Risk factors in Budget 2013
(Any opinions expressed here are those of the author and not of Reuters)
Finance Minister P. Chidambaram has apparently done the impossible. He has brought down the fiscal deficit in the current year from the budgeted 5.3 percent to 5.2 percent in spite of the fall in revenues. What’s more, the deficit was further slashed to 4.8 percent in the 2013/14 budget. Is that realistic?
Look at the expenditure. In the current year, subsidies on food, petroleum products and fertilizer were up by 676 billion rupees or 36 percent. These are precisely the expenditures the minister had to curtail, though he did make an effort to do that too late in the day. With the jump in non-Plan expenditure, the fiscal deficit could be brought down only by cutting Plan expenditure.
Budget 2013 is designed to rev up economic growth by correcting expenditure imbalance.

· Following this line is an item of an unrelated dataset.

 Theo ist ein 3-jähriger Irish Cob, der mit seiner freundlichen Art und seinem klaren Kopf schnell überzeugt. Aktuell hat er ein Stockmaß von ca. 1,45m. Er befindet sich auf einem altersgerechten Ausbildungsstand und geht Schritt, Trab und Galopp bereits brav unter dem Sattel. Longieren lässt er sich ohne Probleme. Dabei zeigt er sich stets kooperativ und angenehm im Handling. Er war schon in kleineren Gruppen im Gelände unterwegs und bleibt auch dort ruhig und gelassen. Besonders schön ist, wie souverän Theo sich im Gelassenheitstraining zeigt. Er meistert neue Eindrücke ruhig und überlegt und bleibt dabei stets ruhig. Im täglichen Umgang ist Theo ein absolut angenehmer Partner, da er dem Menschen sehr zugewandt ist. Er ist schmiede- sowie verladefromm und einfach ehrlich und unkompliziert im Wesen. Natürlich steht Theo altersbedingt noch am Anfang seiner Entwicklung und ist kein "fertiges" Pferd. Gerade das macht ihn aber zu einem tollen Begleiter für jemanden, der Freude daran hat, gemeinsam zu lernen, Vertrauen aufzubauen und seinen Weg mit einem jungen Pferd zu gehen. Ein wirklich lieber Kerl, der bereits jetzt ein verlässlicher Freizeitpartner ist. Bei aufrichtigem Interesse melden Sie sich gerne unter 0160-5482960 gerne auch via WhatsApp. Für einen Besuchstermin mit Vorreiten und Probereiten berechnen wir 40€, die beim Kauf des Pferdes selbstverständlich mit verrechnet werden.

Chidambaram has proudly declared that Plan expenditure will be up next year by 29 percent from the revised estimate. Non-Plan expenditure also increases, though at a lower rate of 10 percent.

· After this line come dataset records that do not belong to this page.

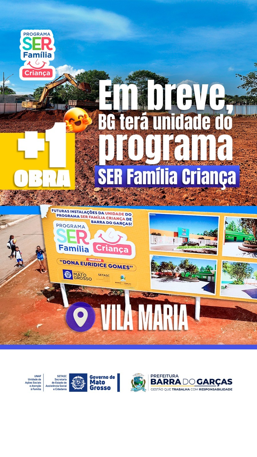 Recentemente, foram iniciados os trabalhos de terraplanagem para a construção do centro de assistência infantil Dona Euridice Gomes, no bairro Vila Maria, em Barra do Garças. A obra, que faz parte do programa SER Família Criança, é fruto de um convênio celebrado entre a Prefeitura Municipal e o Governo de Mato Grosso, com investimento de R$ 5.482.876,06.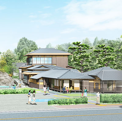 玉津島神社に隣接する旧福島嘉六郎邸を改修するもので、すでにトイレと駐車場は完成。現在は9月開館に向け、母屋と離れ、庭園、施設横の奠供山(てんぐやま)に登る山道を整備している。母屋は外観を修復し、庭園と一体的に保存。離れは体験・交流や休憩スペースとする。
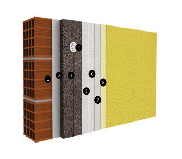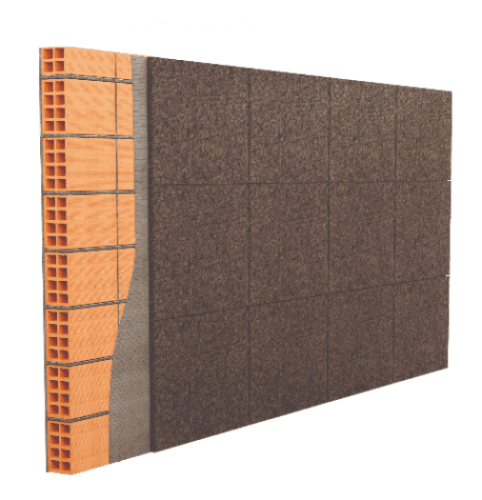 altas prestaciones térmicas y acústicas y está compuesto por placas de fibra de madera disponibles en distintas densidades según se requiera , utiliza el IsovitE-Corckcomo mortero natural, el cual presenta altas prestaciones para el pegado y la regularización del aislante.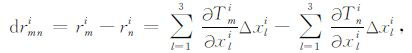 其中TTmi表示震源事件i到检波点m的走时(Travel-Time),因此TTmi-TTni表示的就是同一个震源事件到两个不同检波点的干涉走时(走时差).drmni是干涉走时的观测值与理论计算值之间的差,上标“obs”表示实际观测的干涉走时,上标“cal”表示理论计算的干涉走时.由于同一个震源事件的发震时刻是一定的,因此在方程(2)中,我们用同一个震源到不同检波点的到时Tmi来代替走时TTmi,计算求差函数Tmi-Tni,就可以消除事件i未知的发震时刻的影响,并且这个到时差也就等同于走时差TTmi-TTni.方程(2)就是本文干涉反演的目标函数,也可以说是干涉走时残差函数.

Subsidies have also been targeted in the budget. Total subsidies will be down by 266 billion rupees or 10 percent. The sharpest subsidy cut (319 billion rupees) will be on petroleum products. The finance minister has also provided an additional subsidy of 100 billion rupees on food but may have to shell out much more if the Food Security Bill is passed in the budget session.
To cover the additional expenditure, Chidambaram has gone in for a surcharge on personal incomes in excess of 10 million rupees and on companies with profits more than 100 million rupees. These will yield additional revenues of 180 billion rupees.
The exchequer would also gain from growth in GDP. Gains in gross tax revenues are projected at 17.4 percent with GDP presumably increasing in 2013/14 at 13.4 percent. That assumes a multiple of 1.3.
The budget arithmetic is thus based on two critical parameters. First, that subsidies on petroleum products will be drastically cut though past experience does not support that assumption. A substantial increase in diesel prices may not be possible in an election year. Also, the government is bound to be more generous in respect of food subsidies if the Food Security Bill is passed. The budget is very much exposed to this political risk.
Second, even if the economy grows at 13.4 percent in 2013/14 as assumed, gross tax revenues may not increase at a multiple of 1.3. Last year, the GDP increased 13.3 percent but tax revenues, excluding additional taxation, increased 12.1 percent. Projected tax revenues may not be realized as in the current year. That is the economic risk implicit in the budget.
On the face of it, the budget looks quite elegant. But it is subject to implicit political and economic risks, which may make it difficult to bring the fiscal deficit down to 4.8 percent.